#4 JoAnn Bourne

JoAnn Bourne learned how to play chess with her dad at age six, and now relates the game to her work.

"Chess is very similar to business in that all the chess players have different strengths and weaknesses, just like a team of employees. But if you strategize, you can use them all effectively and win," she says.

Bourne believes the analogy has never been so fitting as during the financial crisis. Her team devised a strategy to excel while others pulled back. It persuaded the bank to buy a Texas charter, which helped attract more commercial deposits from title companies and governmental entities. It also launched an online global treasury service and added more specialized money market products for niche customers.

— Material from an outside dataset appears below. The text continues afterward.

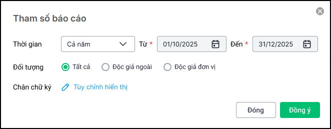 – Đối tượng: Thống kê danh sách theo các đối tượng bạn đọc: Độc giả ngoài; Độc giả nội bộ hoặc Tất cả.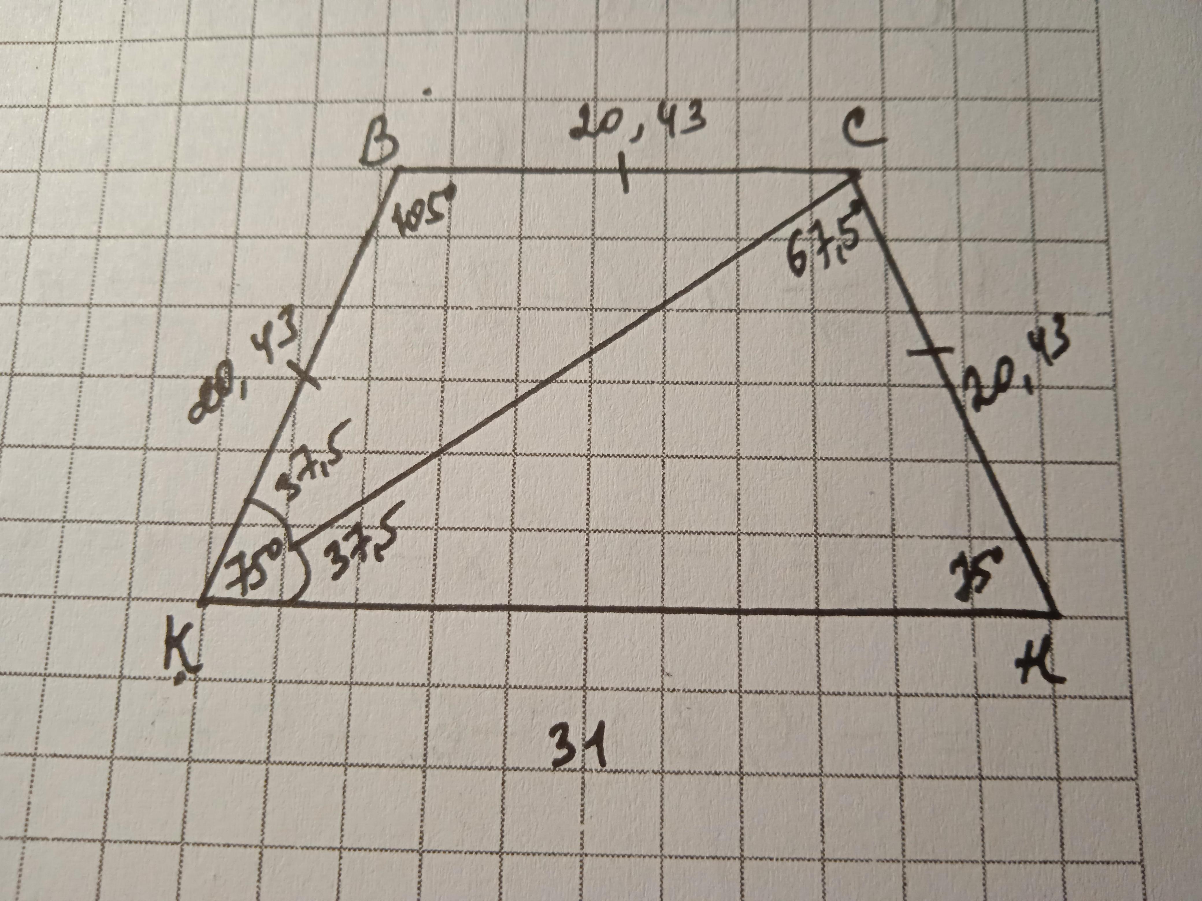 Длинное основание KH равнобедренной трапеции KBCH равно 31 см, короткое основание BC и боковые стороны равны. Определи периметр трапеции, если острый угол трапеции равен 75°.

Bourne credits those initiatives with helping boost commercial deposits nearly 60 percent last year, to $23.9 billion."We planned our moves and thought ahead of what our competitors in all of our markets might do in response, and we were successful," she says.

Bourne, who is the highest-ranking woman at her company and the only female on its executive committee, says one question she frequently gets asked by other women is how she managed to rise in her career while raising two kids.

Her answer is "strategic planning."

That meant keeping a change of clothes in the car for hurrying to catch the second half of lacrosse games and making sure to work late the night before hosting classroom holiday parties.

"I was always ambitious, so I wanted to have a great career, but I also wanted to be a good mother," Bourne says. "I just had to think strategically in my personal life as well."